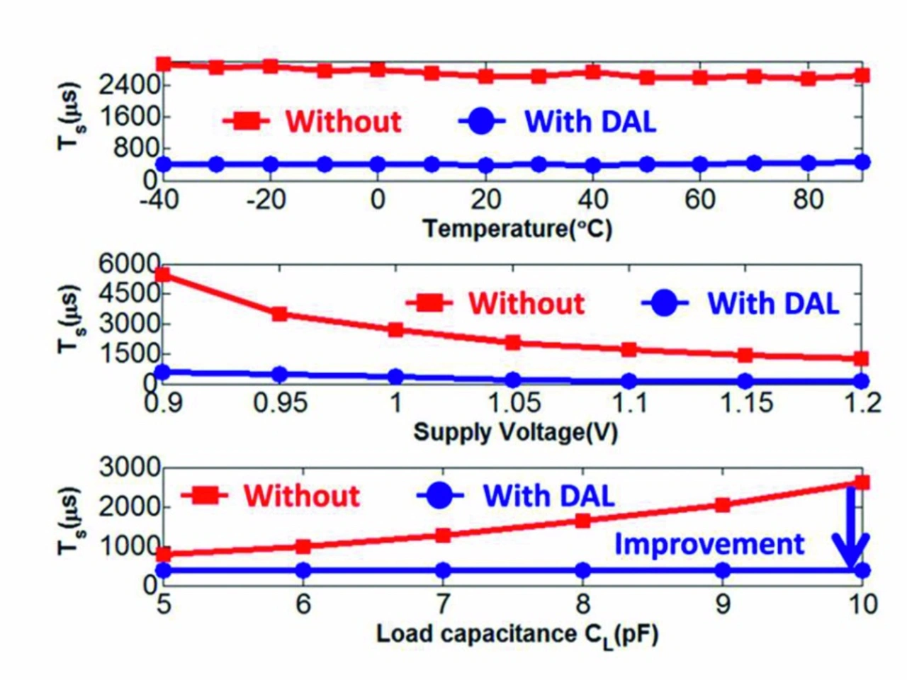 Diese Arbeit erreicht unter den bisherigen Arbeiten das höchste Reduktionsverhältnis bezüglich Einschwingzeit (13,3×) und Anlaufenergie (6,9×). Darüber hinaus ist der Mehraufwand der DAL-Schaltkreise bezüglich Chipfläche (0,0073 mm²) und Energie (3,3 nJ) vernachlässigbar, da kein zusätzlicher Injektionsoszillator nötig ist. Noch wichtiger aber ist, dass die Schaltkreise alle vollständig autonom mit nur einem Enable-Signal arbeiten, wodurch ein zusätzlicher kalibrierter höherfrequenter Oszillator oder eine im Vorfeld laufende Kontrollsequenz unnötig sind, was die Komplexität des Systems signifikant reduziert.(rh)
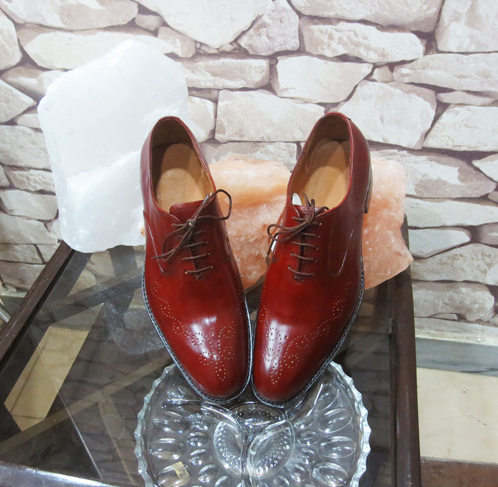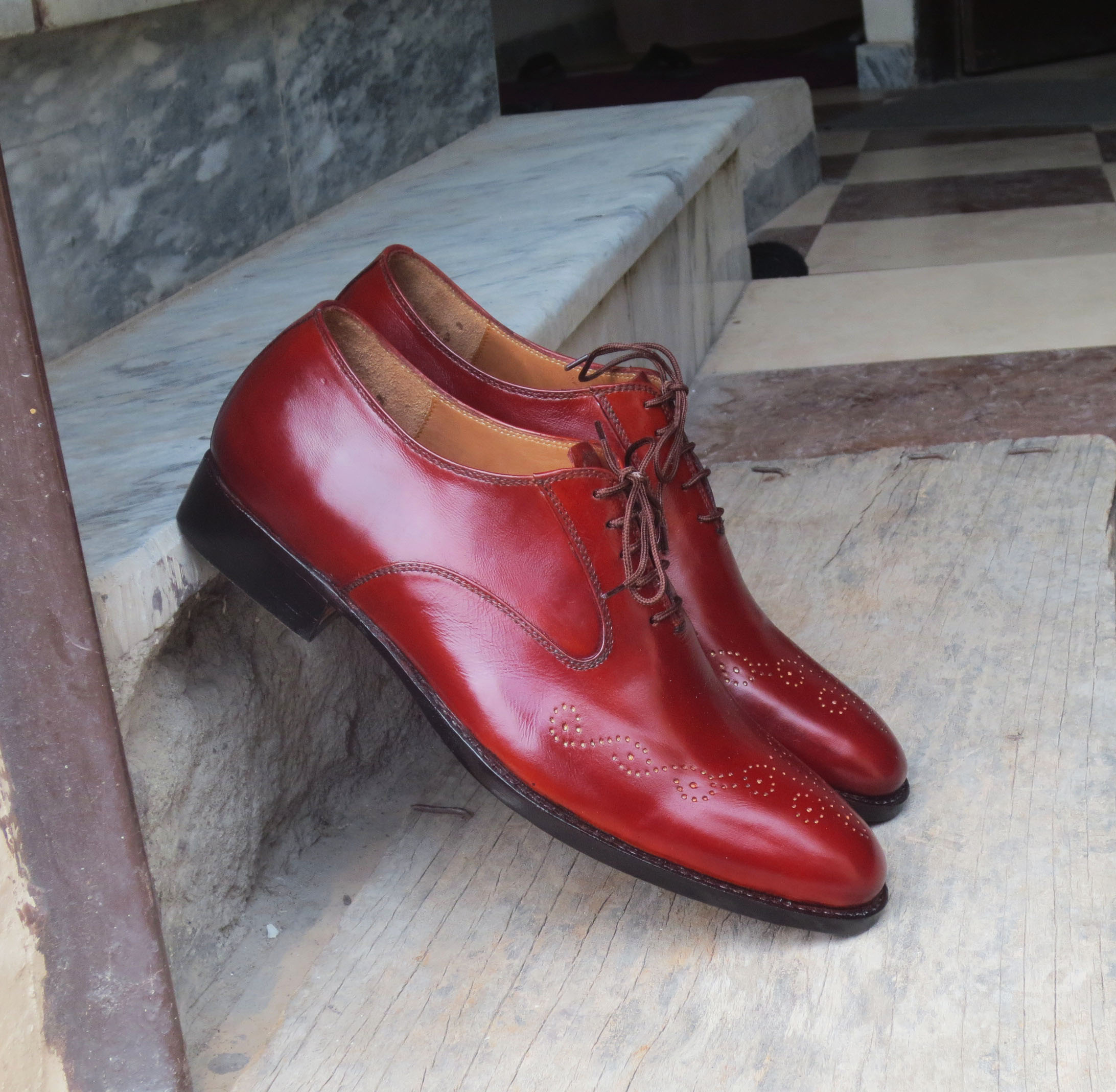 Handmade Red Brogue Toe Leather Lace Up Shoes For Men's
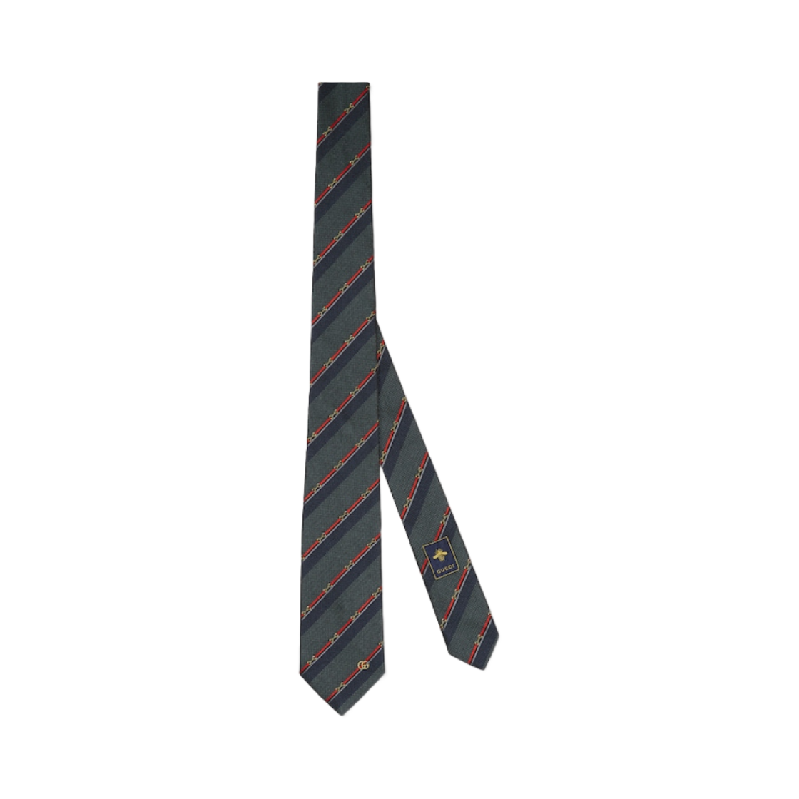 구찌 홀스빗 실크 자카드 타이 다크 그레이
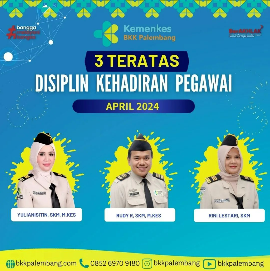 Sebagai bentuk apresiasi kepada pegawai yang telah menunjukkan kinerja kedisiplinan yang baik, Balai Kekarantinaan Kesehatan Kelas I Palembang setiap bulan akan menampilkan 3 (tiga) foto pegawai terbaik dan foto tersebut dipasang di ruangan kantor serta diposting melalui media sosial.
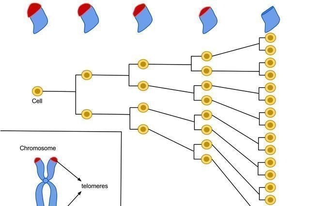 到底是什么影响了细胞分裂极限次数?1960年代的海弗利克只是发现了人类细胞分裂极限,为什么会有极限则一直都搞不清楚!一直到1980年代科学家们对于染色体末端的端粒(telomere)结构的认识才有了突破性的进展,他们发现,当细胞每分裂一次,端粒就会变短一点点!
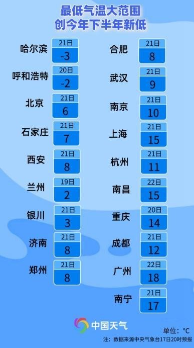 中東部地區(qū)最低氣溫的低點大多在20—21日,從黑龍江到廣東、廣西,大部地區(qū)最低氣溫都有可能創(chuàng)下今年立秋以來的新低,迎來最涼早晨。
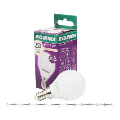 Die Sylvania ToLEDo Ball E14 Matt zeichnet sich durch einen geringen Stromverbrauch von nur 4 Watt aus. Dies ermöglicht Ihnen erhebliche Energieeinsparungen. Die LED hat einen E14-Sockel, sowie eine P45-Ballform, und spendet warmes Licht mit einer Farbtemperatur von 2.700 Kelvin.
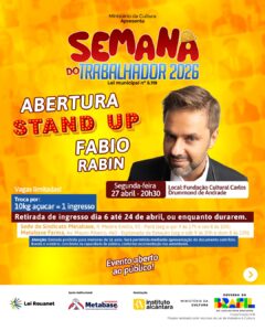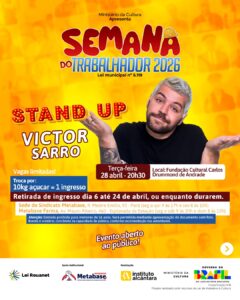 A abertura oficial acontece na segunda-feira (27), às 20h30, na Fundação Cultural Carlos Drummond de Andrade (FCCDA), com apresentação de stand-up do humorista Fábio Rabin. Na terça-feira (28), no mesmo horário e local, o público poderá assistir ao show do também comediante Victor Sarro. Na quarta-feira (29), está prevista uma palestra, às 19h30, com local e personagem ainda em processo de confirmação.
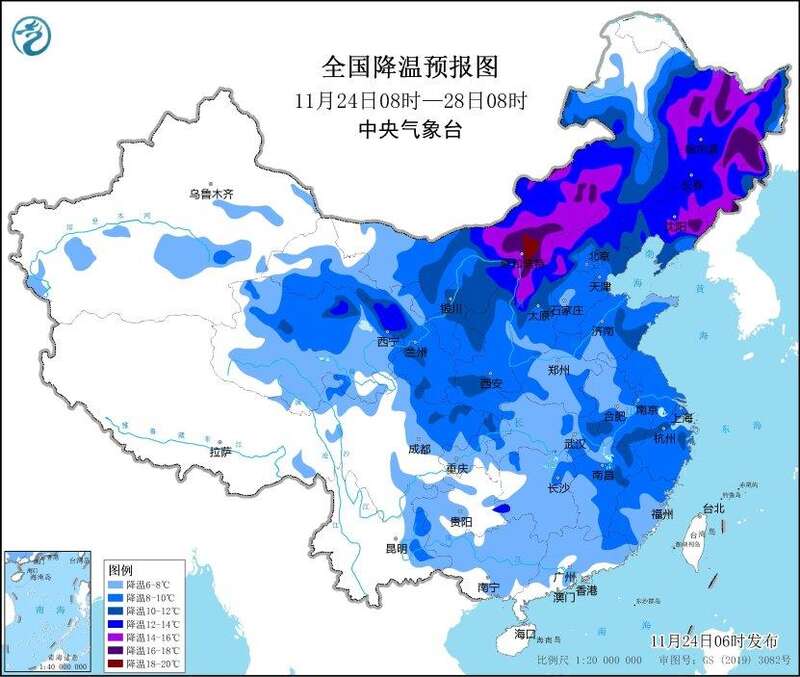 受寒潮影响,预计,11月24日08时至11月28日08时,我国大部地区气温将先后下降6~10℃,其中,西北地区东部、华北北部、内蒙古及东北等地部分地区降温12~14℃,局地16℃以上。
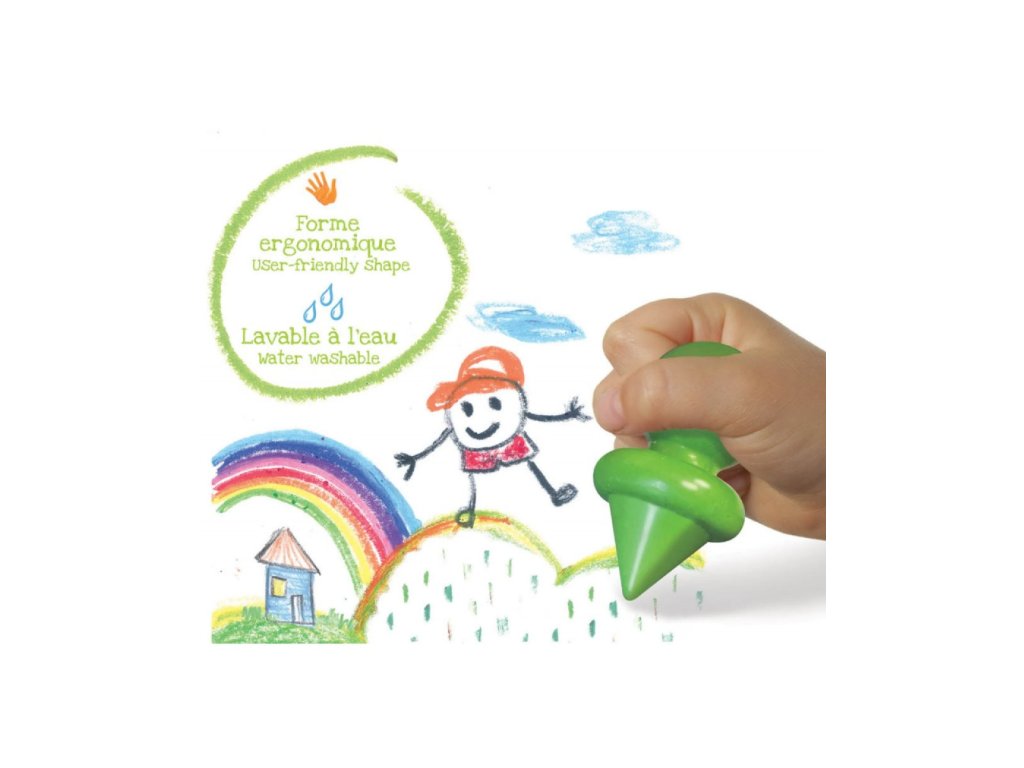 Moje prvé voskovky pre najmenšie deti od francúzskej značky Crea Lign sú veľké a ergonomicky tvarované. Dobre sa tak držia malým ručičkám a vďaka tomu sú vhodné už pre deti od 12 mesiacov. Nemusíte sa báť ani špiny. Dajú sa pekne umyť z ručičiek a vyprať z oblečenia. Ich zloženie je pre deti bezpečné.
———
TASK ITEM ▸ Repeat exactly, and only, the entries from the line with "구찌 홀스빗 실크 자카드 타이 다크 그레이" through the line with "Die Sylvania ToLEDo". Pictures are skipped.

TASK OUTPUT ▸
 구찌 홀스빗 실크 자카드 타이 다크 그레이
 Sebagai bentuk apresiasi kepada pegawai yang telah menunjukkan kinerja kedisiplinan yang baik, Balai Kekarantinaan Kesehatan Kelas I Palembang setiap bulan akan menampilkan 3 (tiga) foto pegawai terbaik dan foto tersebut dipasang di ruangan kantor serta diposting melalui media sosial.
 到底是什么影响了细胞分裂极限次数?1960年代的海弗利克只是发现了人类细胞分裂极限,为什么会有极限则一直都搞不清楚!一直到1980年代科学家们对于染色体末端的端粒(telomere)结构的认识才有了突破性的进展,他们发现,当细胞每分裂一次,端粒就会变短一点点!
 中東部地區(qū)最低氣溫的低點大多在20—21日,從黑龍江到廣東、廣西,大部地區(qū)最低氣溫都有可能創(chuàng)下今年立秋以來的新低,迎來最涼早晨。
 Die Sylvania ToLEDo Ball E14 Matt zeichnet sich durch einen geringen Stromverbrauch von nur 4 Watt aus. Dies ermöglicht Ihnen erhebliche Energieeinsparungen. Die LED hat einen E14-Sockel, sowie eine P45-Ballform, und spendet warmes Licht mit einer Farbtemperatur von 2.700 Kelvin.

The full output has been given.